WHAT TO WORK ON
Retype only the lines from the top of the records to the line with "今度は山を降って行きます。し", including that line but none of the pictures.

Stored data:
········

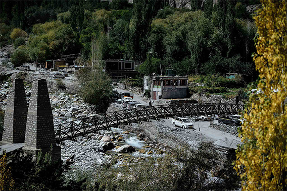 ระหว่างทางจะพบเจอกับสะพานข้ามเแม่น้ำ Shyok ทั้งแบบสะพานรถข้ามและสะพานคนข้าม เนื่องจากอีกฝั่งจะเป็นลานสังเกตการณ์ของทางเจ้าหน้าที่ทหาร ยิ่งเข้าใกล้เขตชายแดนเท่าไร ก็ไม่ค่อยจะเจอคนหรือรถทั่วไป ส่วนใหญ่เป็นรถทหารที่วิ่งร่วมอยู่บนเส้นทางเดียวกันกับเรา ซึ่งมีทั้งรถลาดตระเวน รถบรรทุกเชื้อเพลิงของทางการ รถบรรทุกขนสิ่งจำเป็นและหายากในเขตชายแดน ถึงแม้สงครามในบริเวณนี้ดูเหมือนจะสงบลงแล้ว แต่ปัญหาการก่อการร้ายตามแนวชายแดนยังเป็นสิ่งที่ต้องเฝ้าระวังเป็นพิเศษ อย่าแปลกใจหากไปแล้วจะเจอทหารเยอะมาก (ทหารห้ามถ่ายภาพนะครับ)
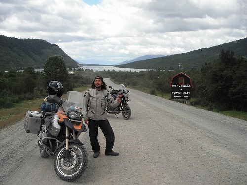 今度は山を降って行きます。しばらく走ると舗装路に。キレイに舗装されています。昨日ファビアンが言ってたの通りですね。ヴィジャ・マイウアレス(Villa Maihuales)を過ぎ、快調にワインディングを飛ばします。
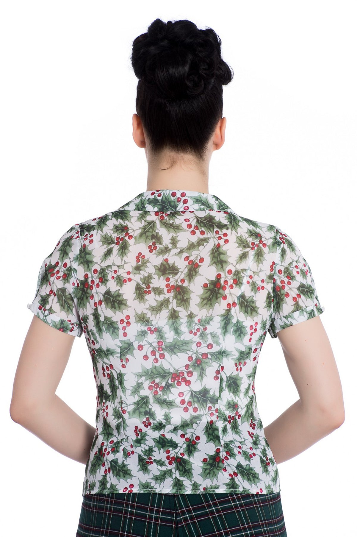 Hell Bunny HOLLY Berry Leaves Autumn Peter Pan Chiffon Pearl BLUSE
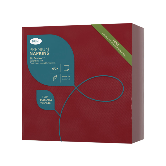 Tovagliolo Bio Dunisoft® 40 x 40 cm Bordeaux. Molto assorbente, dura per tutto il pasto. Rapporto ottimale costo-prestazioni per ambienti informali premium. Generosi per dimensioni, favoriscono il buonumore. Compostabile.
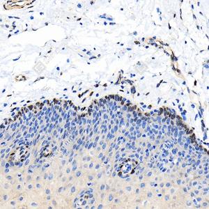 | IHC检测YAP1蛋白(货号 GB153975). 样品: 人食管, 4%多聚甲醛 (货号G1101) 固定12-24小时. 抗原修复: Tris-EDTA抗原修复液(pH 9.0) (G1203), 100℃, 25分钟. —抗: 1: 3000稀释, 4℃ 孵育过夜. 二抗: S-vision免疫组化多聚二抗(山羊抗兔),即用型 (货号G1302), 室温孵育20分钟. |
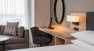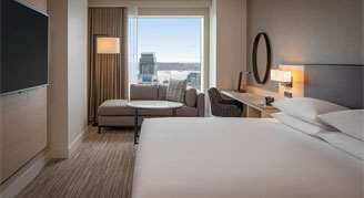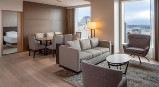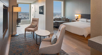 Suites feature a bedroom with one king bed; separate living room with a pull-out sofa, workspace and wet bar; bathroom with dual vanity sinks, a shower and separate soaking tub; and city views.
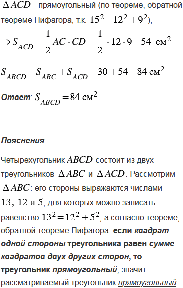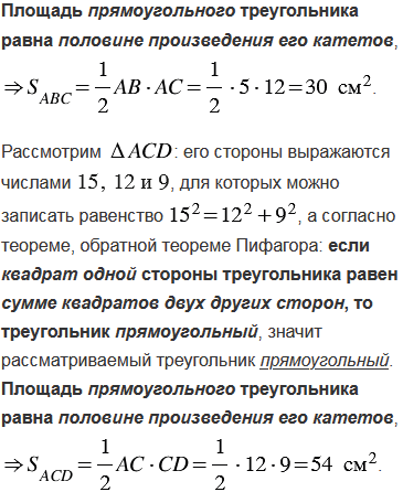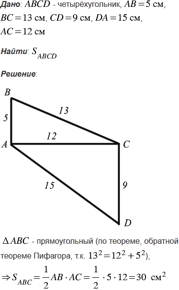 Найдите площадь четырёхугольника ABCD, в котором АВ = 5 см, ВС = 13 см, CD = 9 см, DA =15 см, АС = 12 см.
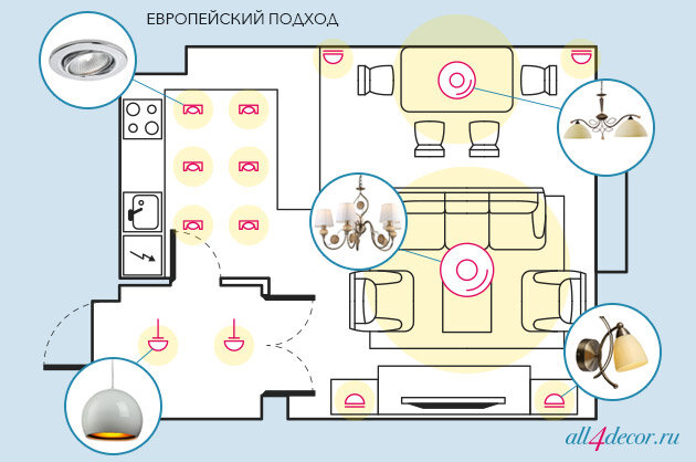 Освещению в интерьере уделяют незаслуженно мало внимания. В то время как это едва ли не главный элемент дизайна. От света зависит, насколько удобно вам будет находиться в пространстве, занимаясь своими делами, как будут видеться цвета и текстуры в доме. Чтение книг, приготовление пищи, поиск старых туфель, поход в ванную, подъем по ночной лестнице – все это становится кошмаром без люстр, бра и торшеров в нужных местах. Поэтому нашу вводную статью мы посвятим базовым советам по организации освещения. Поймите, на какую сторону света «смотрят» ваши окна. Если это Север, то свет в комнате всегда будет тусклым и рассеянным, в помещениях с окнами на Запад темновато в первой половине дня, а — на Восток — во второй. Южная же сторона обеспечит неистощимым запасом солнечных лучей, а значит, теплом и светом, на весь день. Для чего это нужно? Чтобы понять, каким количеством дневного света вы располагаете, и соответственно, сколько нужно источников света искусственного. Так мы познакомились
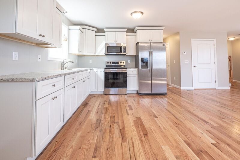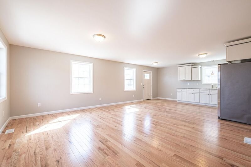 Brand new duplex unit with modern finishes. Walk into an open floor plan with hardwood flooring. Goes into a kitchen with white cabinets, counter-tops and included appliances (fridge and range). Recess lighting throughout. Half bathroom on the 1st floor. 3 BR's on second floor with closet spaces. Full bathroom on second floor. Walk-out basement. Washer and dryer hook-ups provided. Gas heat and electric tenant responsibility. Lawn and snow care tenant responsibility. Big backyard space. Off-street parking. First and security to move-in with approved credit. Amenities: Off-street Parking, brand new build

········

REPLY
 ระหว่างทางจะพบเจอกับสะพานข้ามเแม่น้ำ Shyok ทั้งแบบสะพานรถข้ามและสะพานคนข้าม เนื่องจากอีกฝั่งจะเป็นลานสังเกตการณ์ของทางเจ้าหน้าที่ทหาร ยิ่งเข้าใกล้เขตชายแดนเท่าไร ก็ไม่ค่อยจะเจอคนหรือรถทั่วไป ส่วนใหญ่เป็นรถทหารที่วิ่งร่วมอยู่บนเส้นทางเดียวกันกับเรา ซึ่งมีทั้งรถลาดตระเวน รถบรรทุกเชื้อเพลิงของทางการ รถบรรทุกขนสิ่งจำเป็นและหายากในเขตชายแดน ถึงแม้สงครามในบริเวณนี้ดูเหมือนจะสงบลงแล้ว แต่ปัญหาการก่อการร้ายตามแนวชายแดนยังเป็นสิ่งที่ต้องเฝ้าระวังเป็นพิเศษ อย่าแปลกใจหากไปแล้วจะเจอทหารเยอะมาก (ทหารห้ามถ่ายภาพนะครับ)
 今度は山を降って行きます。しばらく走ると舗装路に。キレイに舗装されています。昨日ファビアンが言ってたの通りですね。ヴィジャ・マイウアレス(Villa Maihuales)を過ぎ、快調にワインディングを飛ばします。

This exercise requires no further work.